# New! Tiguan Performance Subframe Mount Bushing Insert



## ECS Tuning (Oct 2, 2006)

ECS Performance Subframe Mount Bushing Insert

Improve the driveline rigidity of your VW MK7 with our Polyurethane Dogbone Mount Bushing Insert & Subframe Mount Bushing Insert Kit!
These improve the responsiveness of your throttle inputs without adding unbearable NVH to give you a supreme driving experience.


Click HERE for your NEW V2 ECS Performance Subframe Mount Bushing Insert



The VW MK7 may be brand new, but we are already working on improving upon VW’s design.
Our Polyurethane Dogbone Mount Bushing Insert & Subframe Bushing Insert Kit help decrease the slop in your drivetrain by reducing deflection for a more responsive driving experience.
The polyurethane inserts are able to reduce that driveline deflection while maintaining a comfortable ride with minimum NVH for casual driving and spirited trips alike.



Click HERE for your VW MK7 Golf/GTI/Golf R/Alltrack ECS Performance Subframe Mount Bushing Insert

Click HERE for your VW Tiguan MQB (2018+) ECS Performance Subframe Mount Bushing Insert

Click HERE for your Audi 8V A3/S3 (2015+) ECS Performance Subframe Mount Bushing Insert

Click HERE for your Audi 8S TTRS, 8V RS3 ECS Performance Subframe Mount Bushing Insert


----------



## vdubs kopfschuss GLI (Sep 25, 2014)

please forgive my question, but what exactly does this do?

just reduces the amount of movement of the engine when accelerating?


----------



## gord888 (Feb 10, 2018)

I've had polyurethane mounts in my previous sport compact cars. They reduce engine movement - which if you're driving hard - can cause wheel hop during hard acceleration. 

For a tiguan... this is probably useless. 

Gains:
- reduce wheel hop
- better control on heavy acceleration

bad stuff:
- increased noise and vibration in the cabin
- if not installed properly (usually you need a pair or a set) you can add stress to a single mount which can lead to failure


----------



## The Dubbernaut (Feb 1, 2010)

Had similar bushings in my 12 Tig and it was unbelievably annoying. The pros were a fraction of the cons that thing produced. Dont expect not to hear every coin screaming in your change tray or on the dash tray, cover your drinks in the cup holders, and wear ear plugs. EVERYTHING shakes until you let off the brake.


----------



## Savvv (Apr 22, 2009)

On the contrar, I have to disagree with the wheel hop getting WORSE. The factory bushings in the dogbone allow for quite a bit of flex, especially so with some upgrades that increase the engine’s torque. The stiffer dogbone mounts reduced or removed wheel hop bc if enough power was produced to light the tires, the engine and trans would be held more firmly in place, which in turn keeps the energy transfer to the tires on the ground. With a sloppy bushing that whole assembly could oscillate back and forth between grip and no grip and shake the car.


----------



## ECS Tuning (Oct 2, 2006)

vdubs kopfschuss GLI said:


> please forgive my question, but what exactly does this do?
> 
> just reduces the amount of movement of the engine when accelerating?

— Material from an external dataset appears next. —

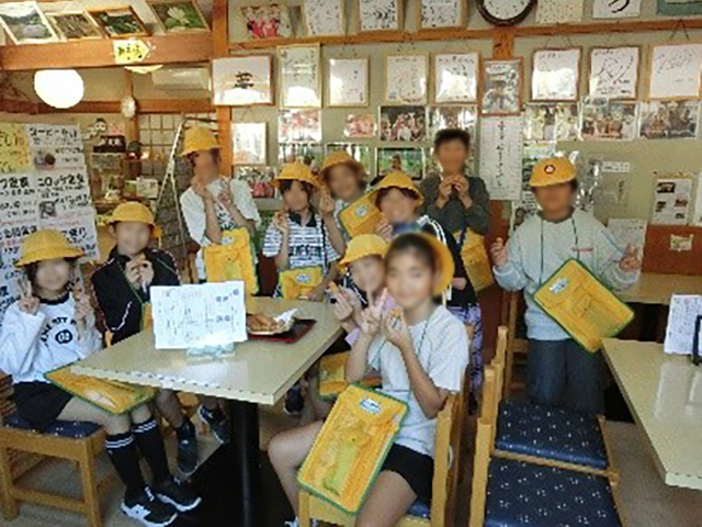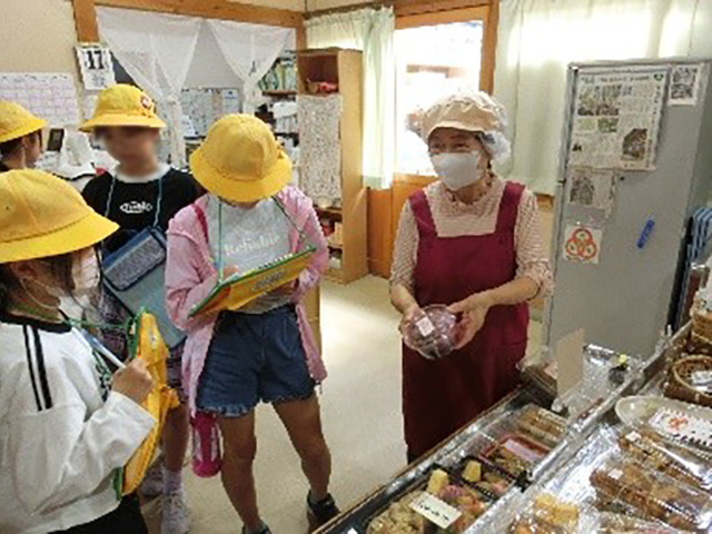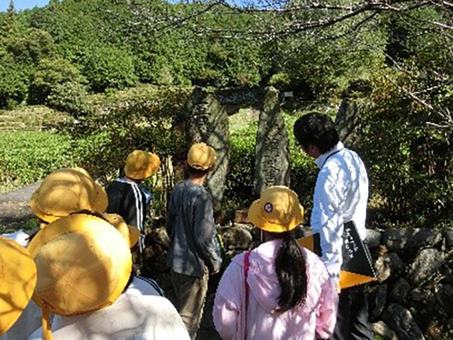 5年生が村内巡りをしました。蟠龍寺(ばんりゅうじ)、白川茶屋、つちのこ館(やかた)、南無阿弥陀仏碑(なむあみだぶつひ)、茶の里 野菜村の5か所をめぐりました。普段、何気なく車で通っている場所にも、様々な魅力やびっくりすることがあることに気付きました。村の歴史を知ることで、先人の方々の思いを知ることができました。また、村にあるお店に並ぶ商品を見て、すべてが手作りのものであったり、添加物を一切使っていないことを知ったりすることで、村の人たちのすごさやあたたかさを感じました。

You've got the idea, we balanced performance (better power delivery) and NVH with our design, most drivers say they can feel the power delivery but without the side effect of unwanted NVH.


----------



## Bawlti (Apr 22, 2015)

gord888 said:


> I've had polyurethane mounts in my previous sport compact cars. They reduce engine movement - which if you're driving hard - can cause wheel hop during hard acceleration.
> 
> For a tiguan... this is probably useless.
> 
> ...


^^^ This.

I had a dogbone insert on my GTI. It was a nice mod, it really did reduce the wheel hop and the NVH really wasn't that bad.

But on a Tiguan... useless. It's not very powerful and it's 4motion.


----------